INSTRUCTIONS TO FOLLOW -> Set down, please, exactly the lines below that run from the line with "Ürün Özelliği : Yeni" to the line with "描述:上述车在安达保系统中选", both lines included.
--- TASK MATERIAL Enclosed Below ---
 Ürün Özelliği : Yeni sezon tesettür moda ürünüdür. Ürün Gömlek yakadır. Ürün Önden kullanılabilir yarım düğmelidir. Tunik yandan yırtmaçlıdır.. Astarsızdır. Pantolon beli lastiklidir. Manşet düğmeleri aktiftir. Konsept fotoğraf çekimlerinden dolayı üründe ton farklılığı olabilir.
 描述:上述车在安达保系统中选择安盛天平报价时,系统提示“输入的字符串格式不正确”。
--- End of Enclosed TASK MATERIAL ---
--- TASK MATERIAL Enclosed Below ---
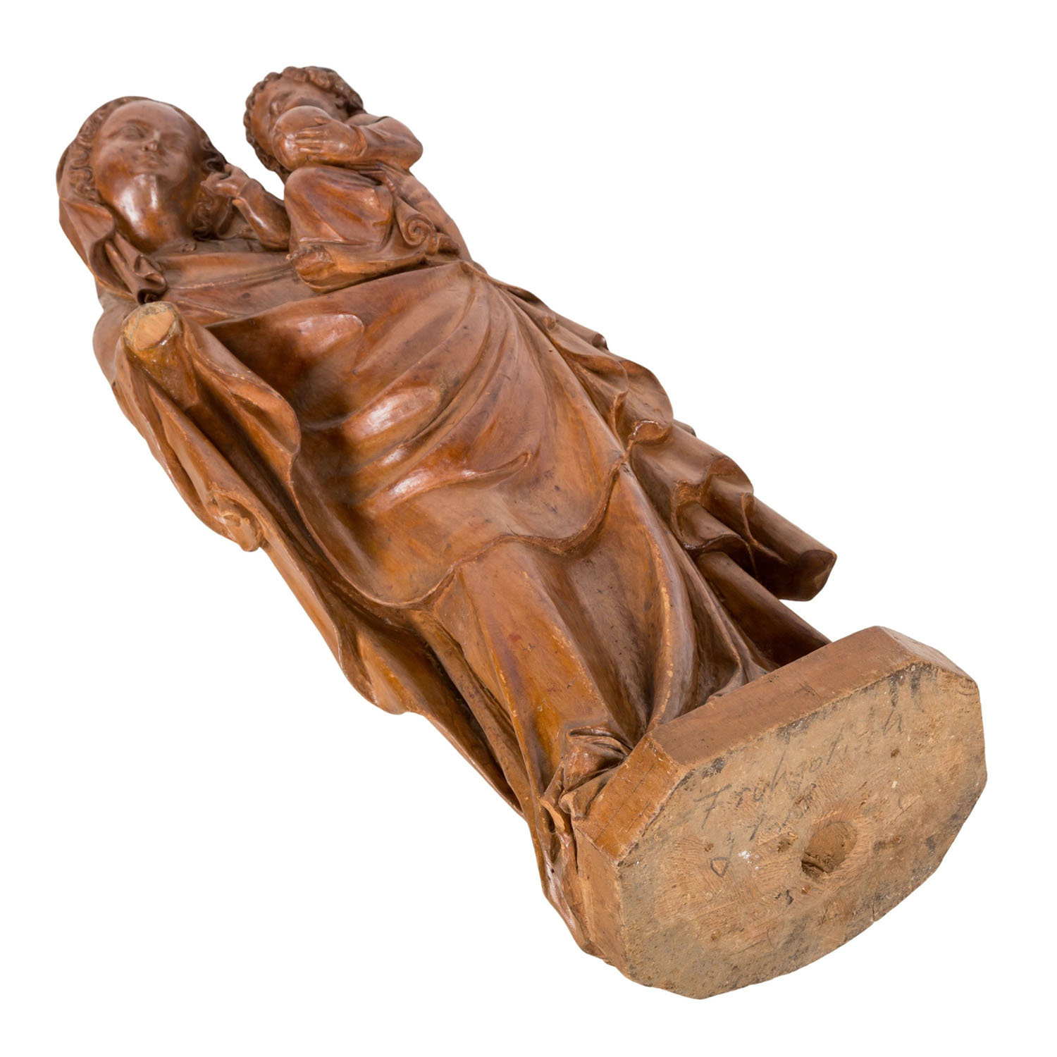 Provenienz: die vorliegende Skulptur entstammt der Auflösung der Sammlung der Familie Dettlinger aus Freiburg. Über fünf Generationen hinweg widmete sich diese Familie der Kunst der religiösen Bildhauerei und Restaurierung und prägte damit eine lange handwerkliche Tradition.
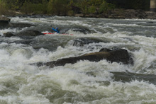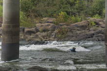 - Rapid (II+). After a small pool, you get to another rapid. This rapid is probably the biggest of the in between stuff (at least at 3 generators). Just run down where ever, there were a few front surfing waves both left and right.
--- End of Enclosed TASK MATERIAL ---
--- TASK MATERIAL Enclosed Below ---
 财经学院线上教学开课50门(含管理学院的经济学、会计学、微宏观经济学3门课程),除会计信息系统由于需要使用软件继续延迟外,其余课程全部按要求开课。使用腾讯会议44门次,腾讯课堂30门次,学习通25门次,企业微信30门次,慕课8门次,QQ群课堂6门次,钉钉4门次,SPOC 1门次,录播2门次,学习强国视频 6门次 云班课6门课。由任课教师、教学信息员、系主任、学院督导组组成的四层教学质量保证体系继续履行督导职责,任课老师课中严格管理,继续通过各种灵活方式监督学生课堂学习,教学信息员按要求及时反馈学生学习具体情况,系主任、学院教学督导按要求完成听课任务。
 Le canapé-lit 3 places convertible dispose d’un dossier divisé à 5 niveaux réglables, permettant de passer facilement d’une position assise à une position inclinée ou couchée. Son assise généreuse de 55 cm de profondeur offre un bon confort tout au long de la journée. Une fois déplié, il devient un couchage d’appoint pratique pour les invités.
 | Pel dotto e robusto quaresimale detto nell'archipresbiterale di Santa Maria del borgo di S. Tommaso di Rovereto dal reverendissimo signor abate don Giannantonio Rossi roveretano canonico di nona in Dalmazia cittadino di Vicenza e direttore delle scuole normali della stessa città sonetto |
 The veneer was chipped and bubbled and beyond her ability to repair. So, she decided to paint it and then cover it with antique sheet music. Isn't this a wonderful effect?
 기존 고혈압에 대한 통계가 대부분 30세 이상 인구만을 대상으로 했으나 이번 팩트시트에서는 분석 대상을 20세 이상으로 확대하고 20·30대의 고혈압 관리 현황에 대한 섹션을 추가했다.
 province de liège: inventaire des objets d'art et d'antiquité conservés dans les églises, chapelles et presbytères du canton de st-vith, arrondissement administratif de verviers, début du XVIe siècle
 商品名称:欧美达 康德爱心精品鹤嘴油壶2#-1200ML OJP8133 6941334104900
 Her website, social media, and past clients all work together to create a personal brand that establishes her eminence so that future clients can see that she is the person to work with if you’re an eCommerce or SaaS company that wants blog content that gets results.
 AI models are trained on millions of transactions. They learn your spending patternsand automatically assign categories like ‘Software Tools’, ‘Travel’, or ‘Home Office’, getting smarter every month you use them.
--- End of Enclosed TASK MATERIAL ---
WRITTEN RESPONSE ->
 Ürün Özelliği : Yeni sezon tesettür moda ürünüdür. Ürün Gömlek yakadır. Ürün Önden kullanılabilir yarım düğmelidir. Tunik yandan yırtmaçlıdır.. Astarsızdır. Pantolon beli lastiklidir. Manşet düğmeleri aktiftir. Konsept fotoğraf çekimlerinden dolayı üründe ton farklılığı olabilir.
 描述:上述车在安达保系统中选择安盛天平报价时,系统提示“输入的字符串格式不正确”。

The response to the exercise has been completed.